Re: bazel and external/

2022-03-17 Thread Sean Owen
I sympathize, but might be less change to just rename the dir. There is
more in there like the avro reader; it's kind of miscellaneous. I think we
might want fewer rather than more top level dirs.

On Thu, Mar 17, 2022 at 7:33 PM Jungtaek Lim 
wrote:

> We seem to just focus on how to avoid the conflict with the name
> "external" used in bazel. Since we consider the possibility of renaming,
> why not revisit the modules "external" contains?
>
> Looks like kinds of the modules external directory contains are 1) Docker
> 2) Connectors 3) Sink on Dropwizard metrics (only ganglia here, and it
> seems to be just that Ganglia is LGPL)
>
> Would it make sense if each kind deserves a top directory? We can probably
> give better generalized names, and as a side-effect we will no longer have
> "external".
>
> On Fri, Mar 18, 2022 at 5:45 AM Dongjoon Hyun 
> wrote:
>
>> Thank you for posting this, Alkis.
>>
>> Before the question (1) and (2), I'm curious if the Apache Spark
>> community has other downstreams using Bazel.
>>
>> To All. If there are some Bazel users with Apache Spark code, could you
>> share your practice? If you are using renaming, what is your renamed
>> directory name?
>>
>> Dongjoon.
>>
>>
>> On Thu, Mar 17, 2022 at 11:56 AM Alkis Evlogimenos
>>  wrote:
>>
>>> AFAIK there is not. `external` has been baked in bazel since the
>>> beginning and there is no plan from bazel devs to attempt to fix this
>>> 
>>> .
>>>
>>> On Thu, Mar 17, 2022 at 7:52 PM Sean Owen  wrote:
>>>
 Just checking - there is no way to tell bazel to look somewhere else
 for whatever 'external' means to it?
 It's a kinda big ugly change but it's not a functional change. If
 anything it might break some downstream builds that rely on the current
 structure too. But such is life for developers? I don't have a strong
 reason we can't.

 On Thu, Mar 17, 2022 at 1:47 PM Alkis Evlogimenos
  wrote:

> Hi Spark devs.
>
> The Apache Spark repo has a top level external/ directory. This is a
> reserved name for the bazel build system and it causes all sorts of
> problems: some can be worked around and some cannot (for some details on
> one that cannot see
> https://github.com/hedronvision/bazel-compile-commands-extractor/issues/30
> ).
>
> Some forks of Apache Spark use bazel as a build system.

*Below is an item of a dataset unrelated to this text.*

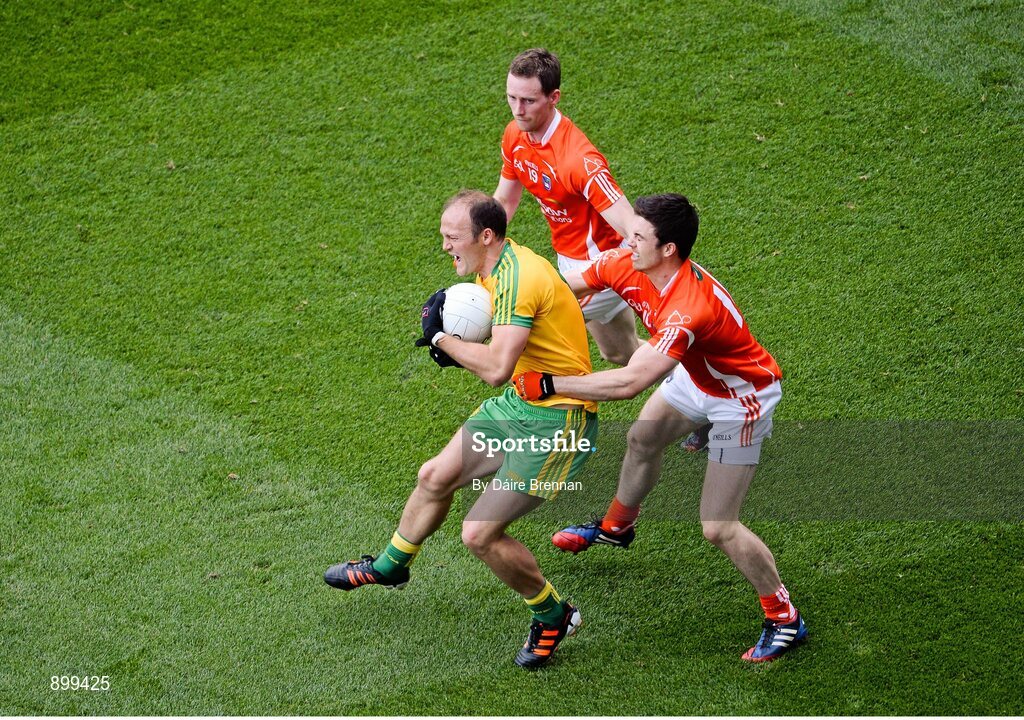 9 August 2014; Colm McFadden, Donegal, in action against Finnian Moriarty, left, and Aidan Forker, Armagh. GAA Football All-Ireland Senior Championship, Quarter-Final, Donegal v Armagh, Croke Park, Dublin. Picture credit: Dáire Brennan / SPORTSFILE

It would be
> nice if we can make this change in Apache Spark without resorting to
> complex renames/merges whenever changes are pulled from upstream.
>
> As such I proposed to rename external/ directory to want to rename the
> external/ directory to something else [SPARK-38569
> ]. I also sent a
> tentative [PR-35874 ]
> that renames external/ to vendor/.
>
> My questions to you are:
> 1. Are there any objections to renaming external to X?
> 2. Is vendor a good new name for external?
>
> Cheers,
>



Re: bazel and external/

2022-03-17 Thread Jungtaek Lim
We seem to just focus on how to avoid the conflict with the name "external"
used in bazel. Since we consider the possibility of renaming, why not
revisit the modules "external" contains?

Looks like kinds of the modules external directory contains are 1) Docker
2) Connectors 3) Sink on Dropwizard metrics (only ganglia here, and it
seems to be just that Ganglia is LGPL)

Would it make sense if each kind deserves a top directory? We can probably
give better generalized names, and as a side-effect we will no longer have
"external".

On Fri, Mar 18, 2022 at 5:45 AM Dongjoon Hyun 
wrote:

> Thank you for posting this, Alkis.
>
> Before the question (1) and (2), I'm curious if the Apache Spark community
> has other downstreams using Bazel.
>
> To All. If there are some Bazel users with Apache Spark code, could you
> share your practice? If you are using renaming, what is your renamed
> directory name?
>
> Dongjoon.
>
>
> On Thu, Mar 17, 2022 at 11:56 AM Alkis Evlogimenos
>  wrote:
>
>> AFAIK there is not. `external` has been baked in bazel since the
>> beginning and there is no plan from bazel devs to attempt to fix this
>> .
>>
>> On Thu, Mar 17, 2022 at 7:52 PM Sean Owen  wrote:
>>
>>> Just checking - there is no way to tell bazel to look somewhere else for
>>> whatever 'external' means to it?
>>> It's a kinda big ugly change but it's not a functional change. If
>>> anything it might break some downstream builds that rely on the current
>>> structure too. But such is life for developers? I don't have a strong
>>> reason we can't.
>>>
>>> On Thu, Mar 17, 2022 at 1:47 PM Alkis Evlogimenos
>>>  wrote:
>>>
 Hi Spark devs.

 The Apache Spark repo has a top level external/ directory. This is a
 reserved name for the bazel build system and it causes all sorts of
 problems: some can be worked around and some cannot (for some details on
 one that cannot see
 https://github.com/hedronvision/bazel-compile-commands-extractor/issues/30
 ).

 Some forks of Apache Spark use bazel as a build system. It would be
 nice if we can make this change in Apache Spark without resorting to
 complex renames/merges whenever changes are pulled from upstream.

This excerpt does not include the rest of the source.